"It's been a wonderful experience," Larkin said. "It's been an exciting journey so far. The future of where this organization, where this country, can go from a baseball perspective is really exciting."
Larkin is trying to help grow the sport in Brazil, and the job doesn't stop just because the team's participation in the Classic has ended.
"There are plenty of plans in the works to continue what has been started," Larkin said. "There are certainly many people who are interested in helping to support programs to get more athletes involved in the game of baseball in Brazil. So the future is incredibly bright."
Larkin brought star power to the Brazil dugout, which helped raise the profile of the game in the South American country.
Larkin was a 12-time All-Star shortstop for the Cincinnati Reds, finishing his career with a .295/.371/.444 line, 198 home runs, 960 RBIs and 379 stolen bases.
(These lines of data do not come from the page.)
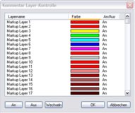Moderne Kommentierungswerkzeuge bestehen heute aus vielen Elementen: Text, Freihandstift , Polylinien, Flächenformen, Schraffuren, Linientypen, Marker, Bemaßungstools usw. Eine variable Layerstruktur erlaubt die Strukturierung von Kommentaren nach Benutzern oder Funktionsebenen. Sie können die Layer beliebig benennen, z.B. "Erdgeschoss", "Keller", "Mauerwerk" usw. Mit Rasterex Kommentierungstechnologie können Benutzer im Netzwerk zusammenarbeiten. Die Kommentierungsmodule werden zentral eingerichtet und verwaltet. Es können Layer mit verschiedenen Farben angelegt, diese wiederum verschiedenen Benutzern oder Benutzergruppen zugeordnet werden.
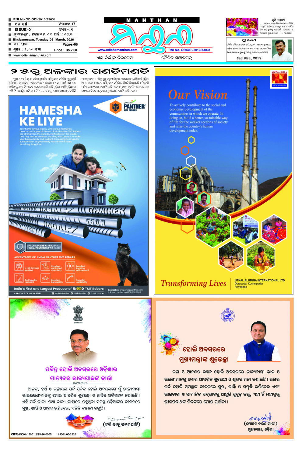 E-Paper 3-3-2026 MANTHAN March 3, 2026 Spread the love 1_compressedDownload About the Author MANTHAN Administrator "ମନ୍ଥନ" ଏକ ନିର୍ଭୀକ ଓ ନିରପେକ୍ଷ ଦୈନିକ ଓଡ଼ିଆ ସମ୍ବାଦ ପତ୍ରର ଡିଜିଟାଲ ତଥା ୱେବ୍ ସାଇଟ୍ ଅଟେ ଏଥିରେ ଆପଣ ଦୈନିକ ସମ୍ବାଦ ପତ୍ରର ପିଡିଏଫ୍ ପାଇ ପାରିବେ। Visit Website View All Posts Post Views: 1 Post navigation Previous: ବ୍ରହ୍ମପୁର ଫର୍ମାସିଟିକାଲ ୱାର୍କସ ୟୁନିଅନର ବାର୍ଷିକ ସମ୍ମିଳନୀ Leave a Reply Cancel replyYour email address will not be published. Required fields are marked *Comment * Name * Email * Website Save my name, email, and website in this browser for the next time I comment. Related Stories E-Paper 2-3-2026 MANTHAN March 2, 2026 0 E-Paper 27-2-2026 MANTHAN February 27, 2026 0 E-Paper 26-2-2026 MANTHAN February 26, 2026 0
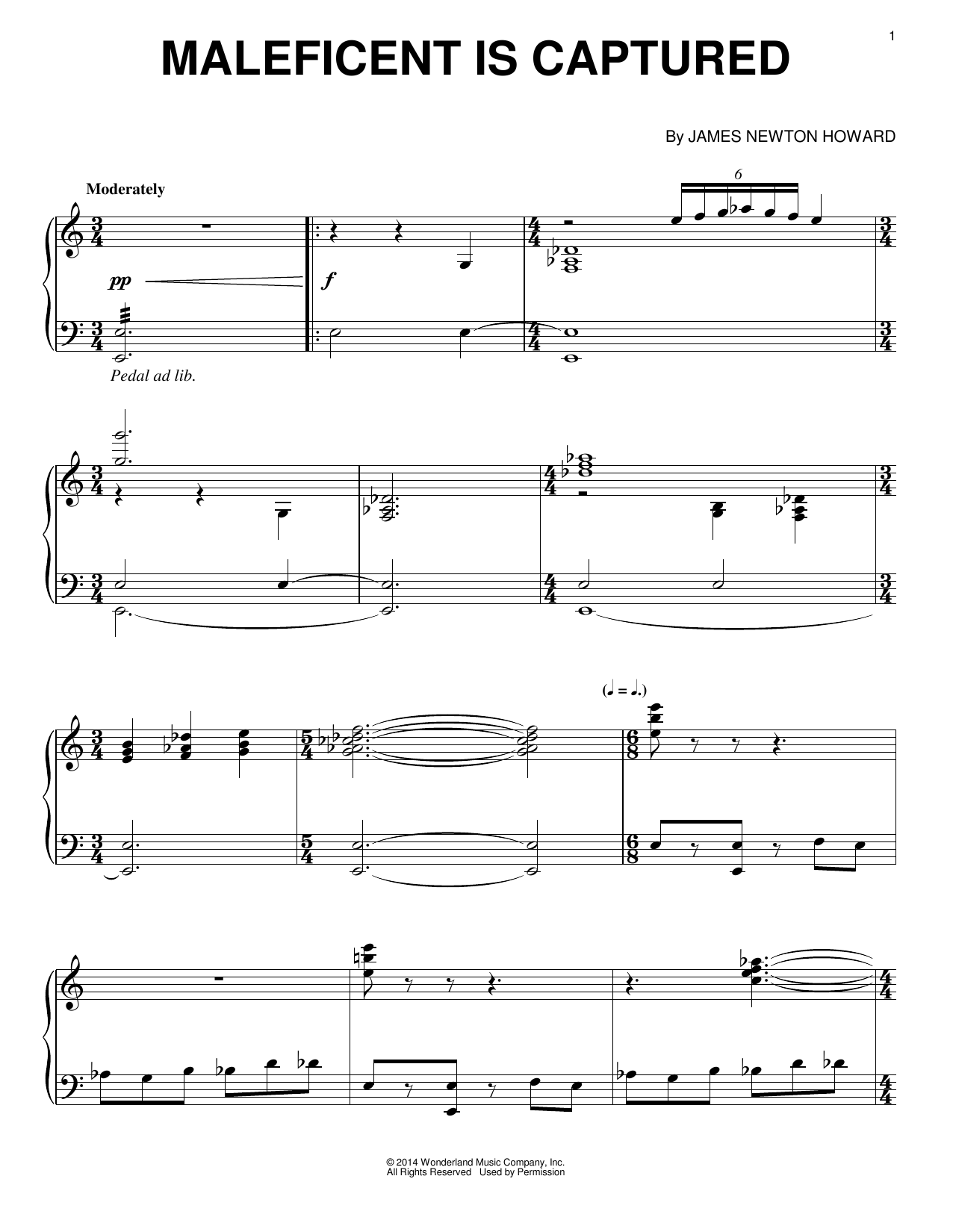 Download or print James Newton Howard Maleficent Is Captured sheet music, chords and digital score arranged for Piano Solo. This Pop score includes 5 page(s).

He won a silver medal with the U.S. during the 1984 Summer Olympics, and a World Series title in 1990.
Larkin, who was also the 1995 NL MVP, was inducted into the Baseball Hall of Fame in 2012.
Larkin is among the most respected figures in the game and is using his status and experience to help bring baseball to Brazil.
If anyone understands the challenge Larkin faces in building a culture of baseball from the ground up, it's John McLaren, who is taking on the same task as China's manager.
"He's done a great job over there," McLaren said. "They're like us with trying to generate interest in baseball where they don't play baseball. They had a very impressive club, good athletes, and we'll hear from them again."
Like Larkin, McLaren is using the Classic as a way to spread the word about the sport to the people of China.
"One thing I've encouraged is for our players to go back home and talk about the experience they've had here," McLaren said. "How they enjoyed it, and to tell their friends how they enjoyed Japan. Just try and get everybody interested."
Larkin and McLaren face many challenges in their mission, with perhaps the biggest being finding a way to lure top athletes from nations with rich histories in other sports, but little to no baseball tradition, onto the diamond.
"There's not access to great athletes that we know exist in the country," Larkin said. "So it's a matter of being accepted in the communities."
Because Brazil didn't win a game during the Classic, the team will have to go through the qualifying process in order to compete in 2017. Larkin, while disappointed, said he was happy with the way his team fought and competed during the Classic.
"Overall, I think the experience was a very positive experience, and certainly something that we can learn from," Larkin said. "There are certainly some pieces that we are missing, certainly some areas that need to be addressed. The thing I feel good about, is that the infrastructure exists in Brazil to support more people participating. I truly believe the next time there's an opportunity -- it'll be in a qualifier because we didn't win a game here -- that we'll have a much stronger team."
Larkin also hopes Brazil's performance in the Classic has drawn new fans to the sport. In one of his final news conferences he was asked if those fans would like to see him in the team's lineup, which put a smile on the Hall of Famer's face.
"We want to keep those fans," he joked. "So it's better that they don't see me go hit right now."